WHEREAS, the parties entered into an Employment Agreement dated October 1, 1991 whereby Dr. Shulman was appointed as Chairman, President, and Chief Executive Officer and Chief Operating Officer of the Corporation.
WHEREAS, such Employment Agreement was amended on April 14, 1994.
WHEREAS, the parties now wish to renew such Employment Agreement.
NOW THEREFORE, in consideration of the mutual covenants and promises, the parties agree as follows:
1. Employment: The Corporation hereby employs Dr. Shulman and he hereby accepts such employment as the Chairman, President, Chief Executive Officer and Chief Operating Officer of the Corporation. Dr. Shulman agrees to devote his best efforts and spend as much time and attention as is necessary to manage the affairs of the Corporation.
2. Medical Practice: The Corporation agrees that Dr. Shulman shall be entitled to conduct his medical practice during one (1) day each week, Monday through Friday, at his discretion.
3. Board of Directors: So long as this Agreement remains in effect, Dr. Shulman will be a member of the Board of Directors (the Board) and an officer of the Corporation and shall possess the powers set forth in the Corporations Certificate of Incorporation and By-Laws.
4. Term of Office and Employment: The term of this Agreement shall be effective as of October 1, 1996, nunc pro tunc, and continue for a period of five (5) years until September 30, 2001 and shall automatically renew for successive one (1) year periods thereafter, unless earlier terminated in accordance with the provisions of this Agreement.
5. Duties and Responsibilities: Notwithstanding any language contained herein to the contrary, Dr. Shulman shall be responsible (by way of example and not by way of limitation) for:
a) | the general direction and operations of the business of the Corporation; | ||
b) | the management of the financial affairs of the Corporation; | ||
c) | the custody of corporate funds and securities; | ||
d) | the hiring, training, direction, discipline and compensation of the employees and other officers of the Corporation, subject to approval by the Board of the salaries and benefits, including stock options which may be offered to other officers and executives; and |
6. Remuneration: The Corporation will pay to Dr. Shulman a base salary equal to U.S. $250,000 per annum. This base salary shall be reviewed by the Board from time to time,
not less than on an annual basis. Any salary increases from time to time, shall be determined by, and at the discretion of the Board. Following the end of each fiscal year, the Board may award a cash bonus to Dr. Shulman in an amount up to 50% of Dr. Shulmans current base salary for such year, as determined by the Board in its sole discretion. The Board may award annual cash bonuses above 50% of his current base salary for outstanding performance.
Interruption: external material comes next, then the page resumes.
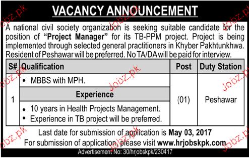 Apply as per details in job advertisement. Login to view further details of how to apply via https://www.jobz.pk online.
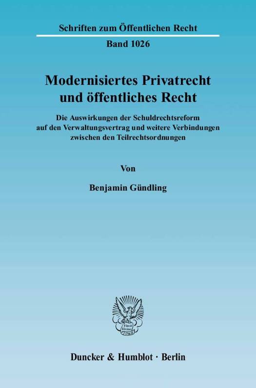 In einem Ersten Teil werden zunächst auf abstrakter Ebene anhand u. a. des Verbraucherschutz-, Kauf-, Verbandsklage- und Verjährungsrechts neue verbindende Systemgedanken zwischen den Teilrechtsordnungen herausgearbeitet. Den inhaltlichen Schwerpunkt bilden die Auswirkungen der Schuldrechtsmodernisierung auf den Verwaltungsvertrag im Zweiten Teil. Unter Berücksichtigung aktueller Reformbestrebungen zu den dogmatischen Grundlagen des Verwaltungsvertrags wird anhand von Beispielen aus dem Subventions-, Umwelt-, Bau-, Energiewirtschafts-, Privatisierungs-, Vergabe- oder Kommunalrecht die Anwendbarkeit des modernisierten AGB- und Leistungsstörungsrechts untersucht.

All salary and other payments and allowances outlined in this Agreement shall be subject to such withholding taxes and deductions at source as may be required by law. All monetary references made herein shall refer to U.S. dollars.
7. Benefits: Dr. Shulman will be entitled to participate in the medical, disability, life and other insurance benefit plans which will be made available to the officers and employees of the Corporation from time to time, subject to applicable eligibility rules thereof. Further, the Corporation shall maintain for Dr. Shulman key man life insurance with the Corporation named as beneficiary throughout the term of this Agreement, assuming reasonable quotations are available.
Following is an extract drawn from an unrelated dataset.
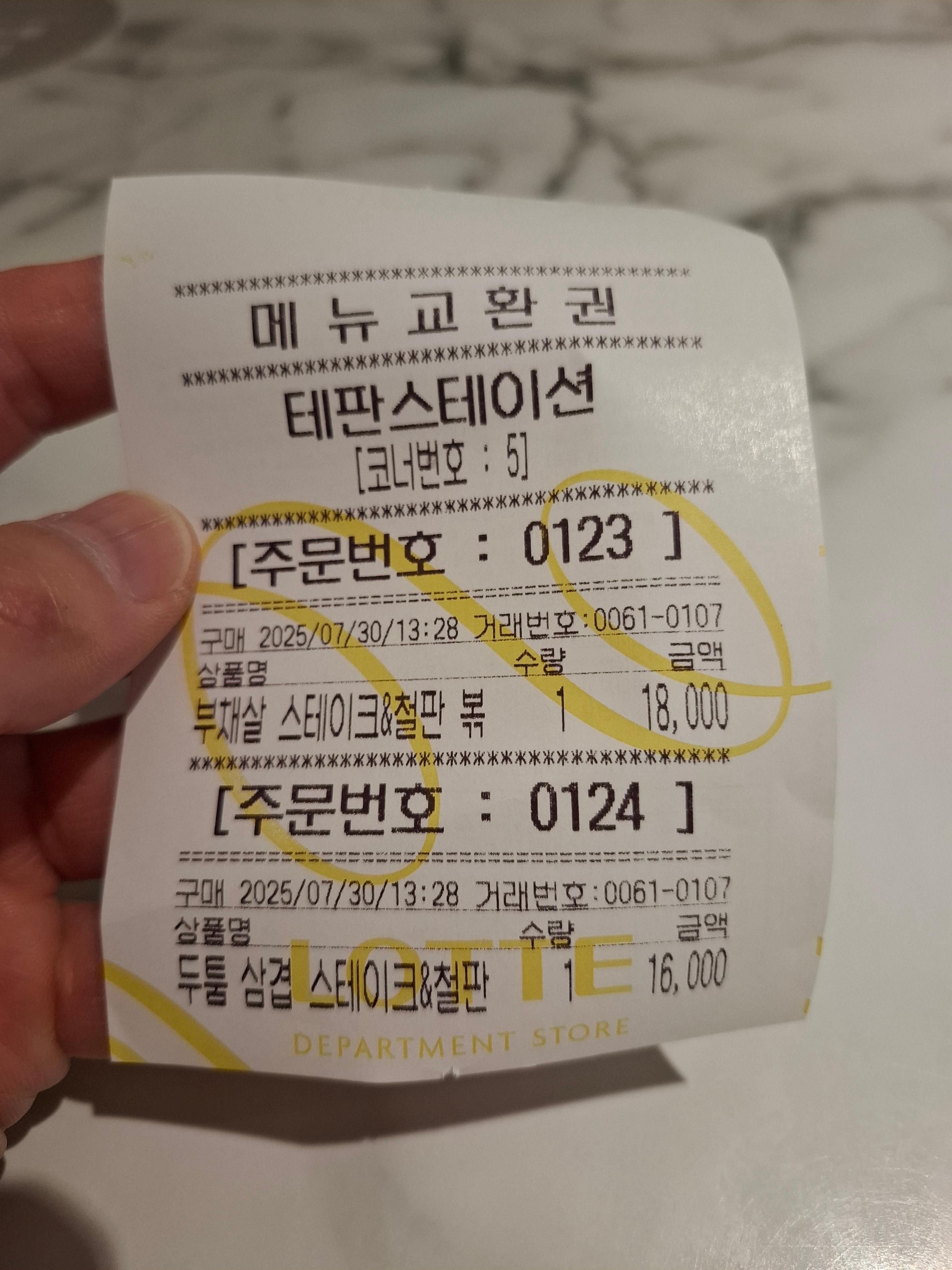 부채살 스테이크 철판볶음밥과 두툼 삼겹 스테이크 철판볶음밥을 하나씩 주문했습니다.

8. Stock Purchase and Bonus Plans: Dr. Shulman will be entitled to participate in the stock purchase and bonus plans that the Corporation shall from time to time make available to its officers and employees, subject to applicable eligibility rules thereof.
9. Vacation: Each calendar year, Dr. Shulman shall be entitled to four (4) weeks of vacation per annum to be taken at a time or times acceptable to the Corporation, having regard to its operations. Dr. Shulman shall be entitled to carry over any unused vacation from one (1) calendar year into the following calendar year, so long as such vacation policy is consistent for all employees.
10. Expenses: The Corporation agrees that it will reimburse Dr. Shulman for all reasonable and authorized traveling and other out-of-pocket expenses actually and properly incurred by Dr. Shuman in connection with his employment duties upon provision of appropriate statements, vouchers, bills and invoices as and when required by the Corporation. Dr. Shulman shall be paid $4,000.00 per year as an automobile allowance in recognition of his regular business acquired by the Corporation.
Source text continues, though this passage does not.